_Task to complete_
Copy each line below as written, but skip the pictures.

_Source data_

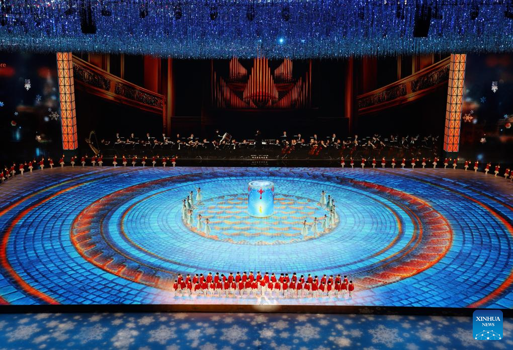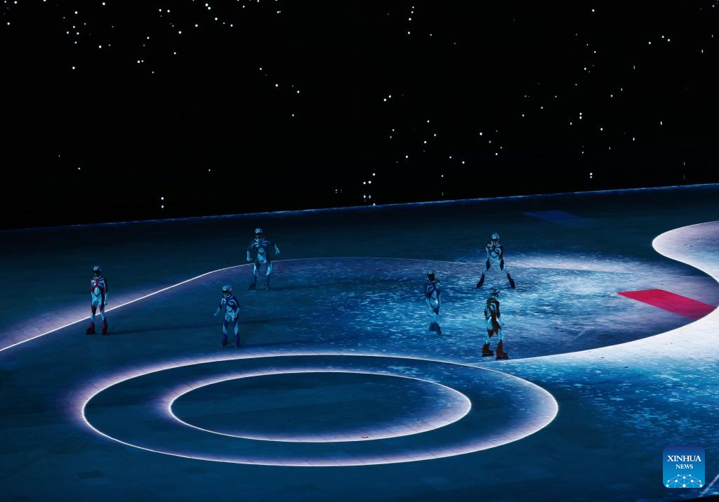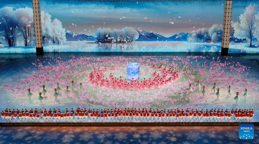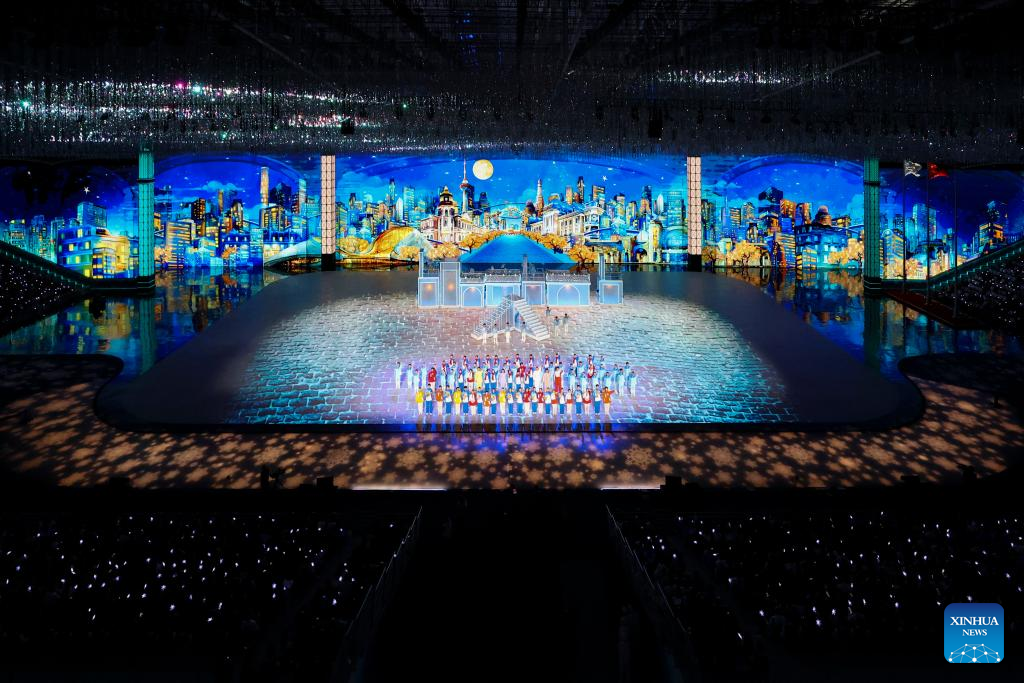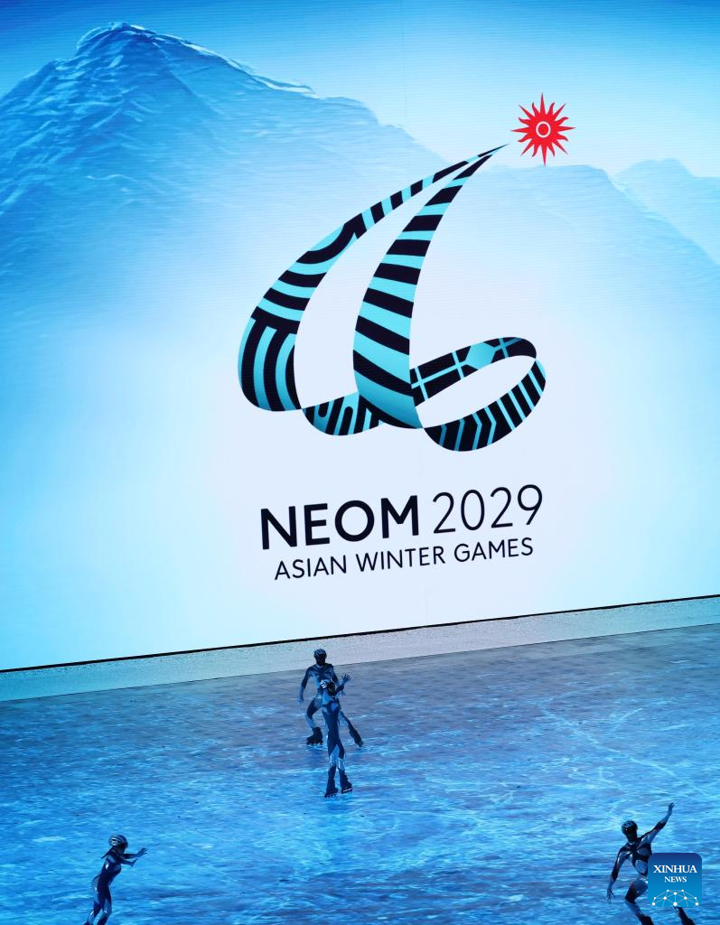 Artistic performance of the 10th Asian Winter Games host city Neom of Saudi Arabia is presented during the closing ceremony of the 9th Asian Winter Games in Harbin, northeast China's Heilongjiang Province, Feb. 14, 2025. (Xinhua/Lai Xiangdong)
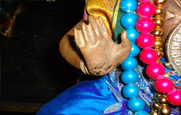 At Vaikunta, when Lord Sri Krishna blessed Sri Venkata Kavi with any boon that he desires, Sri Venkata Kavi expressed his desire to go to Sri Kalinga Narthana Perumal Kovil once again and wanted Sri Krishna to dance to the tunes of his songs. Thus Lord Sri Krishna and Venkata Kavi once again came to the Kalinga Narthana Perumal Temple, Oothukkadu. There, Lord Sri Krishna challenged Sri Venkata Kavi such that if Sri Venkata Kavi was not able to compose and sing to the various dancing postures of Lord Sri Krishna, he would turn into an idol. Thus at the behest of Sri Venkata Kavi, Lord Sri Krishna once again enacted the divine play of Kaliya Narthana. To the various dancing postures of Lord Sri Krishna, Sri Venkata Kavi started to sing his composure “Tham Theem Thanana Tham…….”. At one stage, Venkata Kavi was not able to compose to the dancing posture of Lord Sri Krishna. As per the challenge, Lord Sri Krishna turned into an idol in the dancing posture of Sri Kalinga Narthana Perumal. Sri Venkata Kavi, after accepting his defeat, worshipped the Lord to which Sri Krishna revealed to Sri Venkatasubba Iyer that he is none other than Sage Naradha and that he may go back to Vaikunta. Hearing this, Sri Venkatasubba Iyer wanted to know what Sri Krishna would be doing next. The Lord replied that throughout Kaliyuga Sri Krishna would be blessing His devotees who come to Oothukkadu as Sri Kalinga Narthana Perumal, thereby making Oothukkadu as Bhooloka Vaikunta. With folded hands, Sri Venkatasu bba Iyer implored to the Lord that instead of going back to Vaikunta, he would also like to make Oothukkadu temple as his abode. He further expressed his desire to continue singing in praise of the Lord, to which Sri Krishna granted him the boon. Every night to this day, Lord Sri Krishna as Sri Kalinga Narthana Perumal danced to the emelodies tones of Sri Venkatasubba Iyer, accompanied by His gopikas. Many people residing near the temple have heard the melodious sound of the padaswara eminating from the Lotus feet of Sri Kalinga Narthana Perumal at night. This is a testimony that Sri Kalinga Narthana Perumal along with Sri Venkatasubba Iyer, with His physical presence, has made Oothukkadu as Bhooloka Vaikunta. The entire clan of celestial devas also reside near the sanctrum sanctorum of the temple. As a result of the boon that Sri Venkatasubba Iyer obtained from Sri Kalinga Narthana Perumal, Sri Venkatasubba Iyer still continues to be the mediator between Sri Kalinga Narthana Perumal and His staunch devotees.
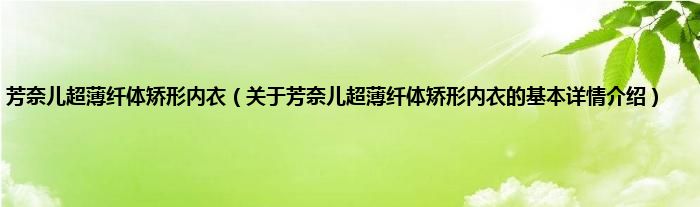 本文关于芳奈儿超薄纤体矫形内衣的基本详情介绍就讲解完毕,希望对大家有所帮助。
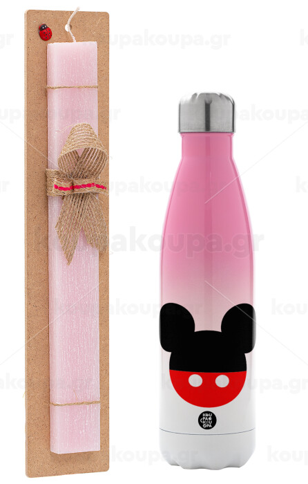 Mickey head, Πασχαλινή Λαμπάδα με Μεταλλικό παγούρι θερμός Ροζ/Λευκό (Stainless steel), διπλού τοιχώματος, 500ml & κερί αρωματικό πλακέ (30cm) (ΡΟΖ)

_Response area_
 Artistic performance of the 10th Asian Winter Games host city Neom of Saudi Arabia is presented during the closing ceremony of the 9th Asian Winter Games in Harbin, northeast China's Heilongjiang Province, Feb. 14, 2025. (Xinhua/Lai Xiangdong)
 At Vaikunta, when Lord Sri Krishna blessed Sri Venkata Kavi with any boon that he desires, Sri Venkata Kavi expressed his desire to go to Sri Kalinga Narthana Perumal Kovil once again and wanted Sri Krishna to dance to the tunes of his songs. Thus Lord Sri Krishna and Venkata Kavi once again came to the Kalinga Narthana Perumal Temple, Oothukkadu. There, Lord Sri Krishna challenged Sri Venkata Kavi such that if Sri Venkata Kavi was not able to compose and sing to the various dancing postures of Lord Sri Krishna, he would turn into an idol. Thus at the behest of Sri Venkata Kavi, Lord Sri Krishna once again enacted the divine play of Kaliya Narthana. To the various dancing postures of Lord Sri Krishna, Sri Venkata Kavi started to sing his composure “Tham Theem Thanana Tham…….”. At one stage, Venkata Kavi was not able to compose to the dancing posture of Lord Sri Krishna. As per the challenge, Lord Sri Krishna turned into an idol in the dancing posture of Sri Kalinga Narthana Perumal. Sri Venkata Kavi, after accepting his defeat, worshipped the Lord to which Sri Krishna revealed to Sri Venkatasubba Iyer that he is none other than Sage Naradha and that he may go back to Vaikunta. Hearing this, Sri Venkatasubba Iyer wanted to know what Sri Krishna would be doing next. The Lord replied that throughout Kaliyuga Sri Krishna would be blessing His devotees who come to Oothukkadu as Sri Kalinga Narthana Perumal, thereby making Oothukkadu as Bhooloka Vaikunta. With folded hands, Sri Venkatasu bba Iyer implored to the Lord that instead of going back to Vaikunta, he would also like to make Oothukkadu temple as his abode. He further expressed his desire to continue singing in praise of the Lord, to which Sri Krishna granted him the boon. Every night to this day, Lord Sri Krishna as Sri Kalinga Narthana Perumal danced to the emelodies tones of Sri Venkatasubba Iyer, accompanied by His gopikas. Many people residing near the temple have heard the melodious sound of the padaswara eminating from the Lotus feet of Sri Kalinga Narthana Perumal at night. This is a testimony that Sri Kalinga Narthana Perumal along with Sri Venkatasubba Iyer, with His physical presence, has made Oothukkadu as Bhooloka Vaikunta. The entire clan of celestial devas also reside near the sanctrum sanctorum of the temple. As a result of the boon that Sri Venkatasubba Iyer obtained from Sri Kalinga Narthana Perumal, Sri Venkatasubba Iyer still continues to be the mediator between Sri Kalinga Narthana Perumal and His staunch devotees.
 本文关于芳奈儿超薄纤体矫形内衣的基本详情介绍就讲解完毕,希望对大家有所帮助。
 Mickey head, Πασχαλινή Λαμπάδα με Μεταλλικό παγούρι θερμός Ροζ/Λευκό (Stainless steel), διπλού τοιχώματος, 500ml & κερί αρωματικό πλακέ (30cm) (ΡΟΖ)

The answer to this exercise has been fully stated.